Interestingly, the patterns we rely on today haven’t changed much over time – despite remarkable change in the technology tools that implement them. Like most systems architecture practices, the skills needed to apply them are (somewhat) technology agnostic.
“When Bobby Woolf and I started to document the [integration] patterns 20 years ago, the key technologies for distributed applications were JMS, SOAP, MSMQ, and .NET WCF. Large-scale application integration was done with integration tools and platforms, such as IBM WebSphere MQ, TIBCO, WebMethods (now Software AG), or Microsoft BizTalk. Although technology has evolved, many of these products still form the backbone of modern enterprises.

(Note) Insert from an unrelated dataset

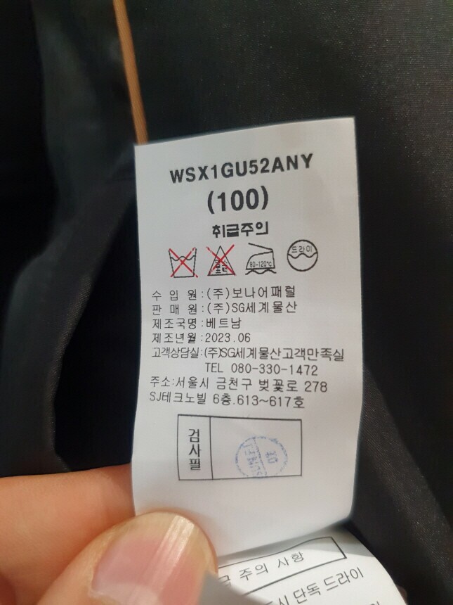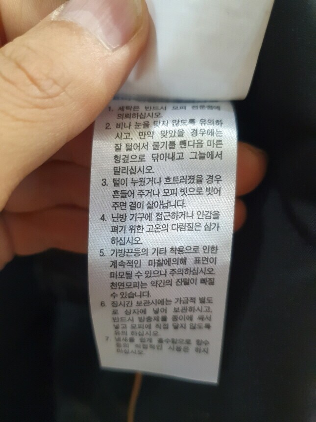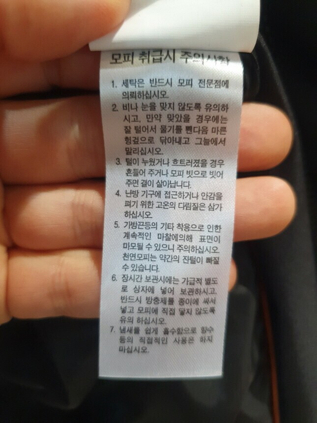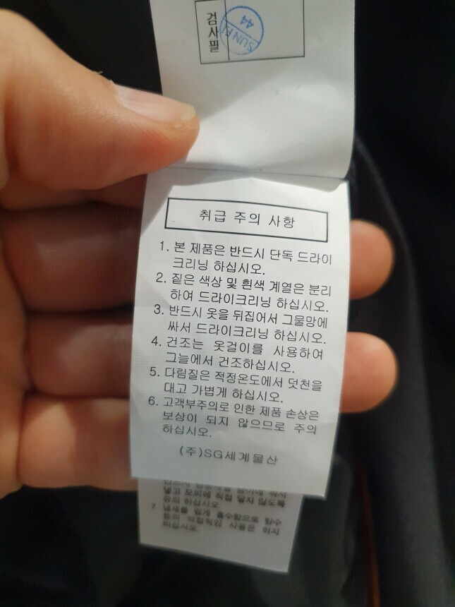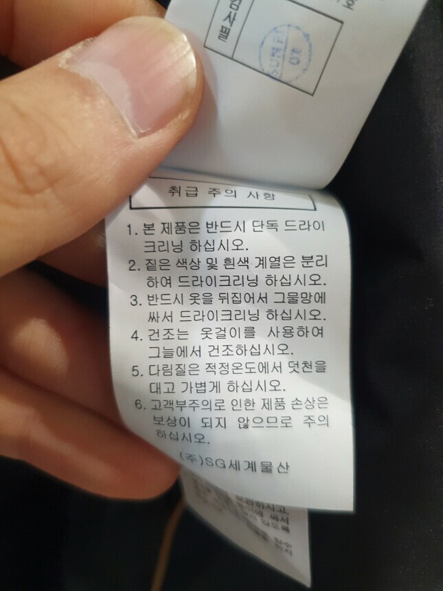 | 6. 세탁방법 및 취급시 주의사항 | 드라이크리닝 |

Cloud platforms and deployment automation have laid the foundation for a new generation of distributed systems: microservices and serverless architectures. Those applications rely on a smooth interconnect between components, giving rise to Service Meshes, Serverless Orchestrators, and Event Buses. Amazingly, we find the same integration patterns in those systems!”– Gregor Hohpe
Patterns enable communication between software parts without tight coupling. Inherent in pattern design is building the necessary mechanisms, like message queues, Kafka streams and endpoints.

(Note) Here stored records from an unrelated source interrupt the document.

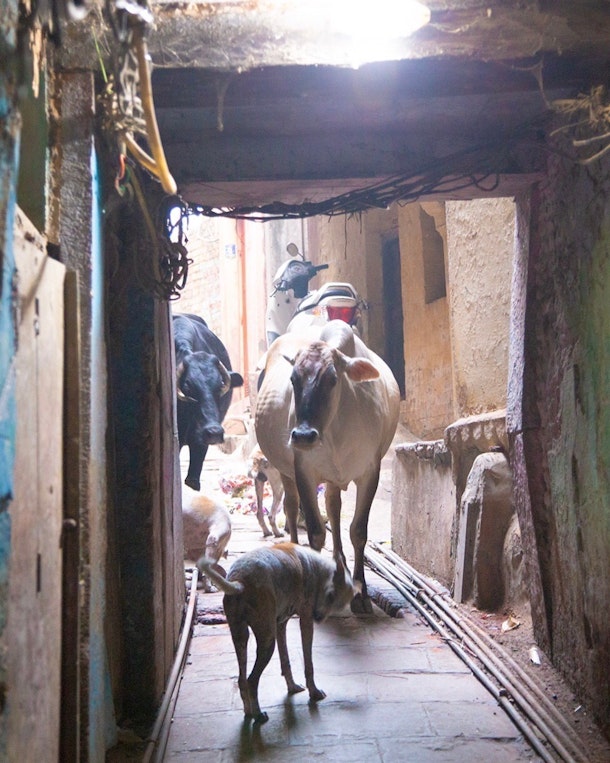 インドの街中には神聖な神の使いである牛が闊歩しております。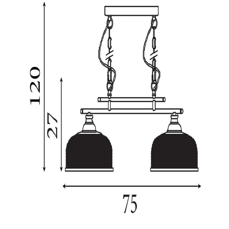 Světelná rampa se 2-mi stínidly o průměru 27cm, která jsou fixována na rampě sestává ze 2 jemných tyčí v asymetrické délce. To vše je volně zavěšeno na 2 řetězích v barvě, jejichž závěsnou délku lze upravit dle potřeby. Šířka stropní lišty je 30cm.
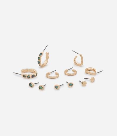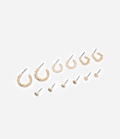 Ref: Kit com 06 brincos femininos, confeccionados em metal, com modelos meia argola e tapa furo.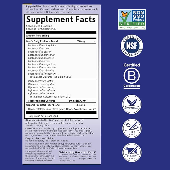 Garden of Life Probiotics for Men, Dr Formulated 50 Billion CFU 15 Probiotics for Digestive Health + Organic Prebiotic Fiber, Colon & Immune Support, Daily Gas Relief, Shelf Stable, 30 Capsules
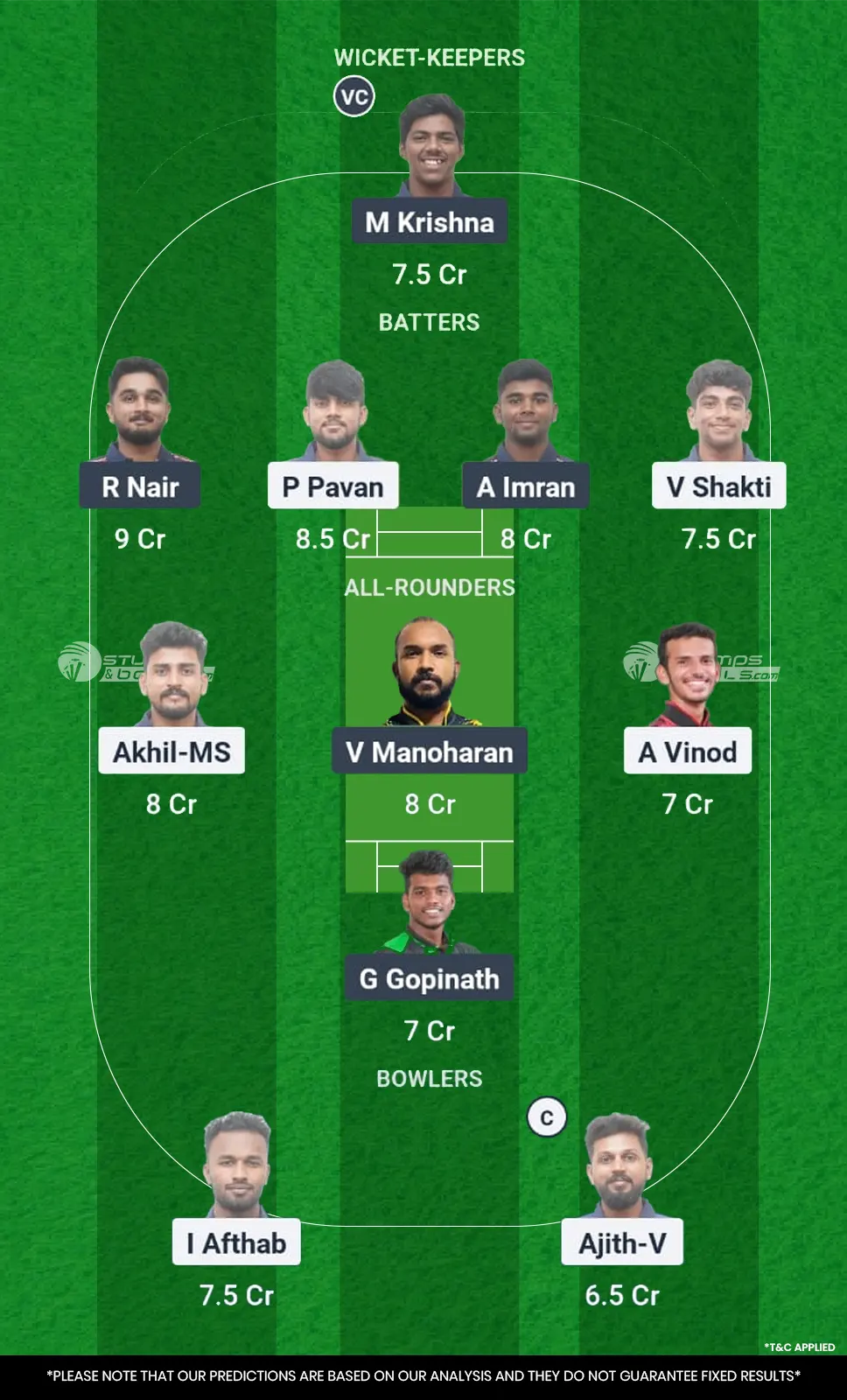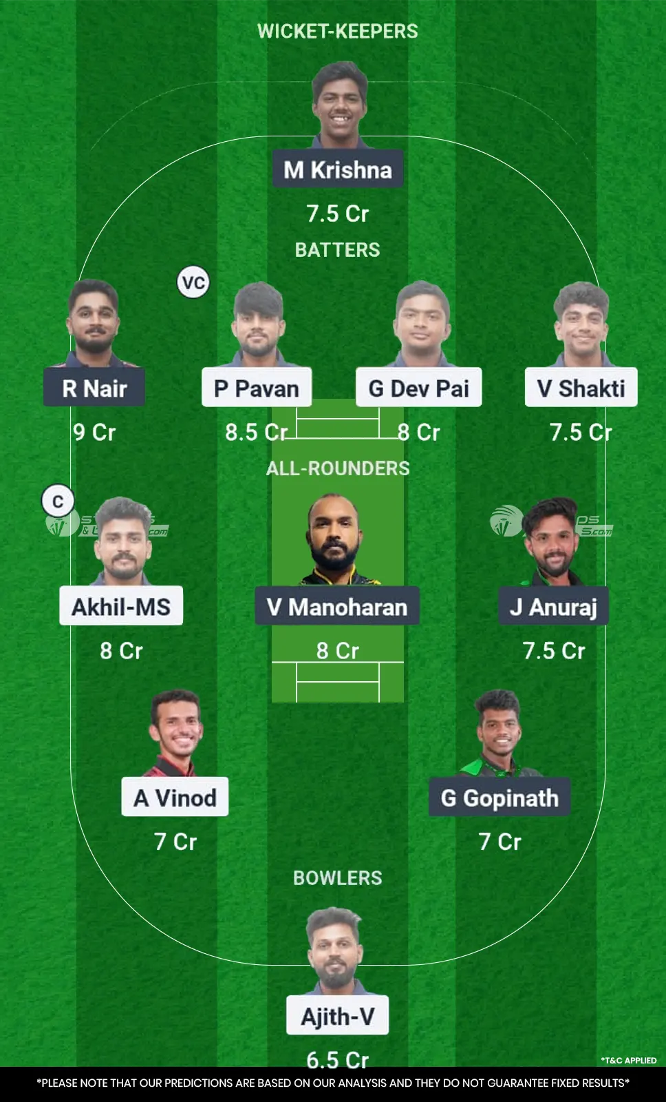 Rohan Nair, Neel Sunny, Manav Krishna (WK), Ahamed Imran, Vinoop Manoharan, Gokul Gopinath, Aadithya Baiju, Ameersha SN, Mohit Shibhu, JS Anuraj, Abi Biju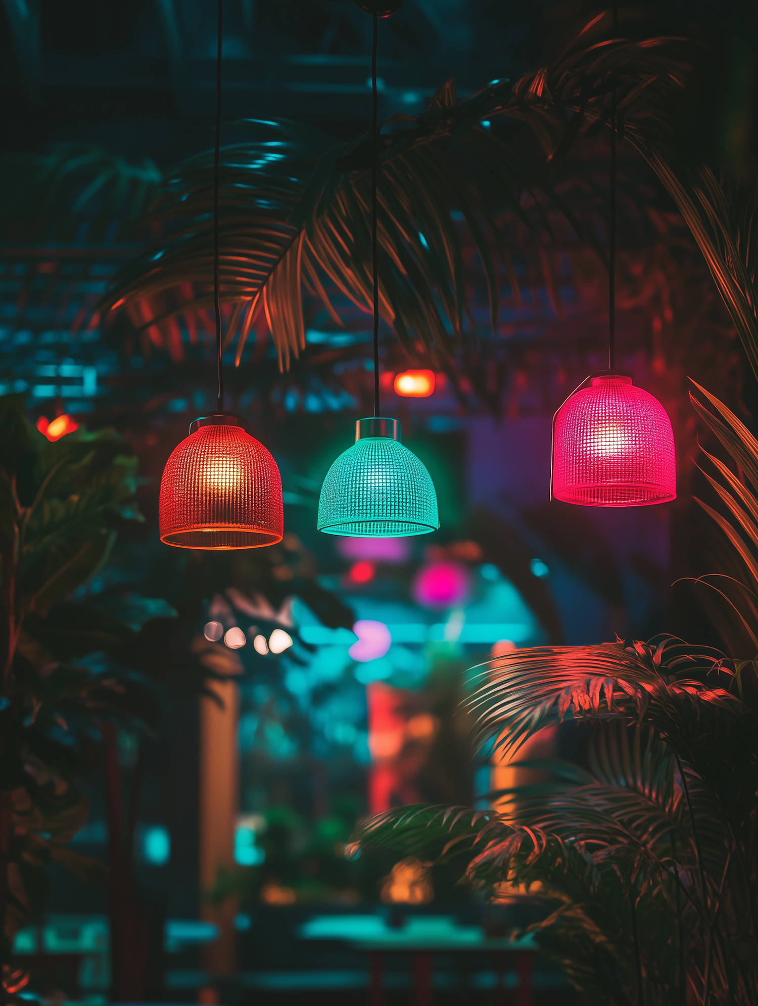 Colorful pendant lights in red, green, and pink glow amid tropical palm leaves, creating a cozy, vibrant bar or lounge atmosphere.

- Sources of information. What information needs to be consumed by other parts? Parts become sources and consumers (or both).

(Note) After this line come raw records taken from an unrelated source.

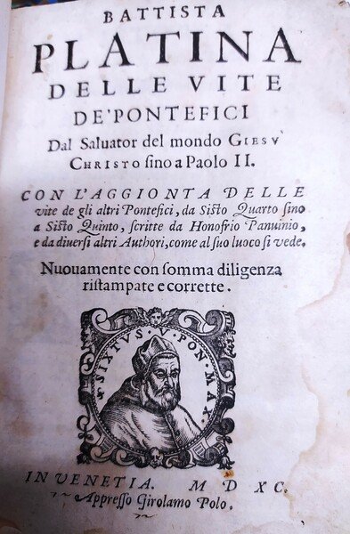 Delle vite de' Pontefici dal Salvator del Mondo Giesù Christo fino a Paolo II. Con l'aggionta delle vite de gli altri Pontefici, da Sisto Quarto fino a Sisto Quinto, scritte da Honofrio Panvinio, e da diversi altri Authori, come al suo luoco si vede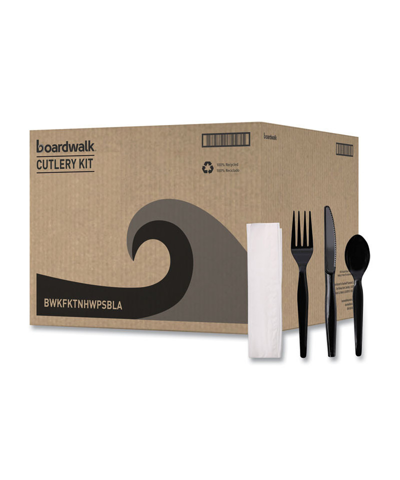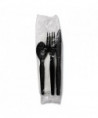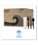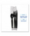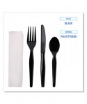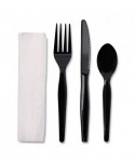 Four-Piece Cutlery Kit, Heavyweight, Fork/Knife/Napkin/Spoon, Plastic, Black, 250/Carton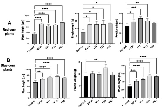 Effect of auxin-producing yeast inoculation on maize growth. (A) Morphological parameters of 30-day-old maize plants of red and (B) blue varieties. Statistically significant differences are denoted with asterisks according to Dunnett’s test, with values of p < 0.05 (*), p < 0.01 (**), p < 0.001 (***), and p < 0.0001 (****). The inoculated strains were Solicoccozyma sp. RY31, Clavispora lusitaniae Y11, Rhodotorula glutinis Y23, and Naganishia sp. Y52. Controls were non-inoculated plants.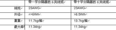 ·由于所采用的十字骨架,是硬体结构,刚性大,增加了线缆的外形尺寸,和弯曲半径,采用这种线缆必须对基于五类或超五类系统的原有线槽尺寸和路由设计进行改动,空间需求增加了20%到40%,因此增加了施工难度和成本。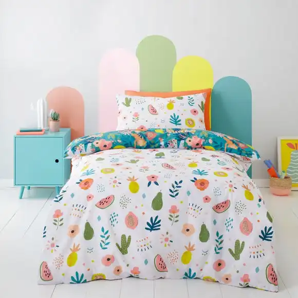 This duvet cover and pillowcase set features a bright and fun jungle carnival design. Printed onto the 100% cotton canvas is an array of jungle animals in jungle foliage, the reverse sees a design made of florals, foliage and fruits. Complete with a button fastening, this duvet cover and pillowcase set boasts easy care qualities and can be fully machine washed.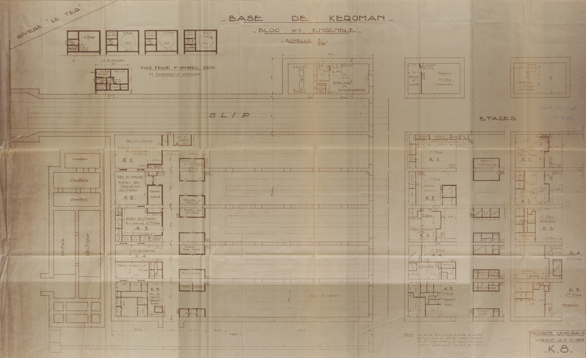 Plan d'ensemble du bunker "KI", plan K n° 8, 10 novembre 1945 (Service Historique de la Défense de Lorient, Monographie de la base "Ingénieur Général Stosskopf", 1945-1946)Immatriculation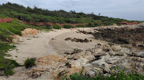 棋子湾长20多公里,多数海岸奇峰林立,怪石嶙峋,海边还有很多野生仙人掌。

- When information is shared. Not everything that happens inside a part needs to be shouted to the world. When does matterful change happen? (Eventstorming can help design this.)
- The flow of information. How will information be carried, stored and/or retrieved between parts?
- The structure of information. Information stored inside a part, for example, in a MySQL database, won’t be understandable to a more semantic consumer, like a React front-end application. Patterns like canonical data modeling create a ubiquitous structure for information.
- Orchestration. Software hosts and manages and cleans up and otherwise orchestrates the relationships between software parts. Software also tests the system in action.
There is no Miracle Pattern that applies to all circumstances. As we move from software to systems (of software), we need two things most of all: experience and sound judgement. It’s tricky to discern which patterns will work best in each circumstance. We don’t (necessarily) want to do what Netflix does, we want to create patterns that enable emergence: parts together accomplish something valuable that none of the parts could do alone.
Experience lessens our desire for control and increases our ability to create malleable architectures. We discern what matters most (clean, helpful communication) and what matters least (despite cultural imperatives, 99.999% is often indistinguishable from 99.9% in a well-designed system). By learning from the experience of others, we avoid building a distributed monolith in the cloud.
All this to say, books and podcasts are helpful. Here are resources to begin exploring. But playing with patterns is more helpful.
As always, we’d love to hear any recommendations you have!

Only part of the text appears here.